An EC2 Load Balancer refers to an Elastic Load Balancer (ELB) in AWS that distributes incoming network traffic across multiple EC2 instances. It helps ensure that no single instance becomes overwhelmed, improves application fault tolerance, and enhances overall performance.

When users make requests to your application, whether it's a website, API, or mobile backend, the load balancer acts as the entry point. It receives all incoming traffic and automatically spreads it across a pool of healthy EC2 instances. If one instance becomes unhealthy or crashes, the load balancer routes traffic to the remaining healthy ones without user disruption.

AWS offers three main types of load balancers under the ELB family:

Application Load Balancer (ALB): Best for HTTP/HTTPS traffic with advanced routing, like path-based or host-based rules.
Network Load Balancer (NLB): Handles TCP/UDP traffic at high performance and low latency, ideal for real-time systems.
Gateway Load Balancer: Used for deploying third-party virtual appliances like firewalls or packet inspection tools.
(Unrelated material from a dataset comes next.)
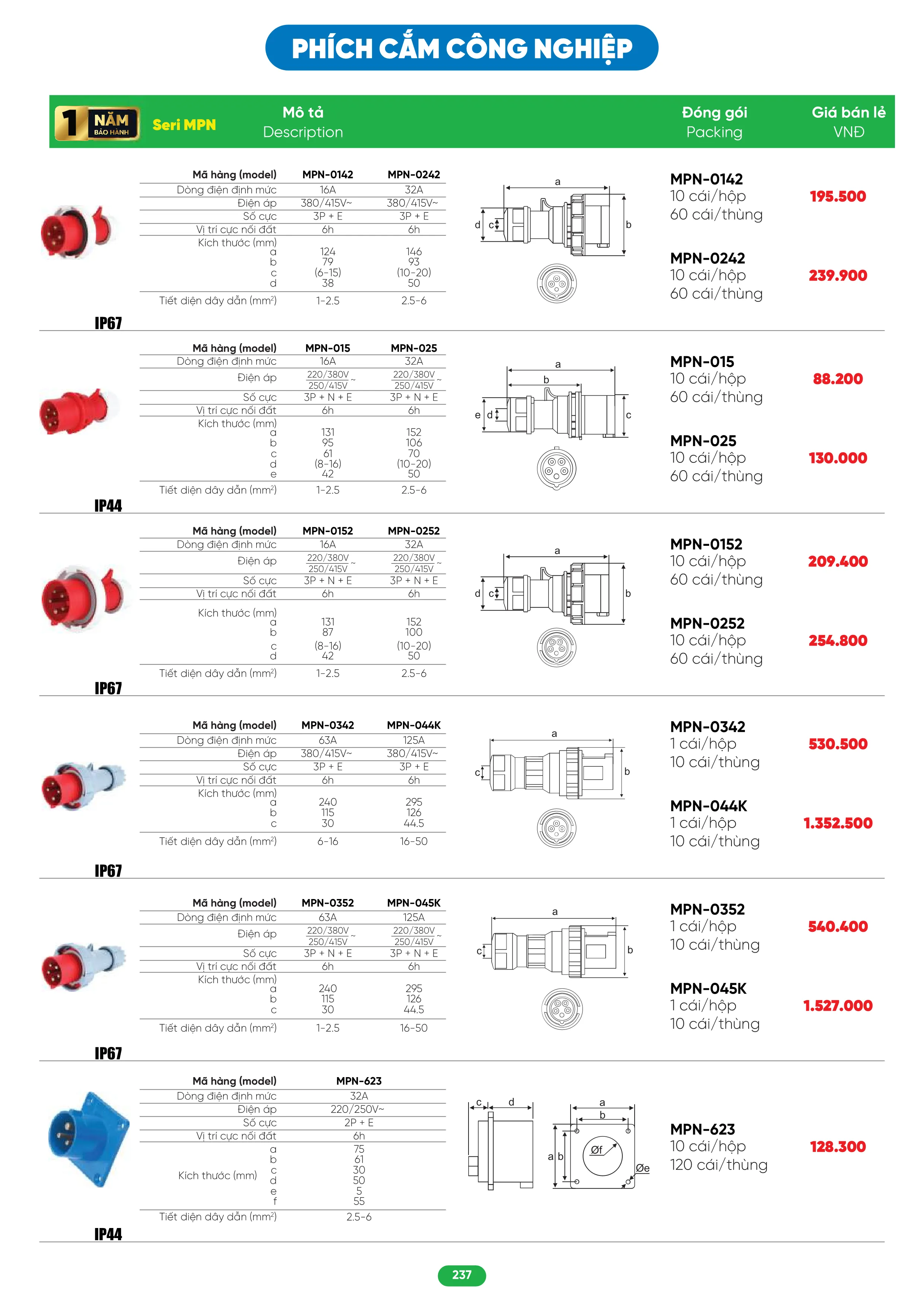 MPN-015 - Phích cắm công nghiệp 3 pha MPE loại di động IP44

Each load balancer integrates with AWS services such as Auto Scaling, Route 53, and CloudWatch. This enables automatic scaling, intelligent routing, and real-time monitoring.

EC2 instances

An EC2 instance (Elastic Compute Cloud) is a virtual server in Amazon's cloud. It provides resizable compute capacity, allowing you to run applications just like you would on a physical machine, but without managing the underlying hardware. You can choose the amount of CPU, memory, storage, and networking power based on your workload.

EC2 instances are used to host web apps, APIs, databases, background jobs, game servers, and more. They support multiple operating systems, including various Linux distributions and Windows, and you can install any software you need.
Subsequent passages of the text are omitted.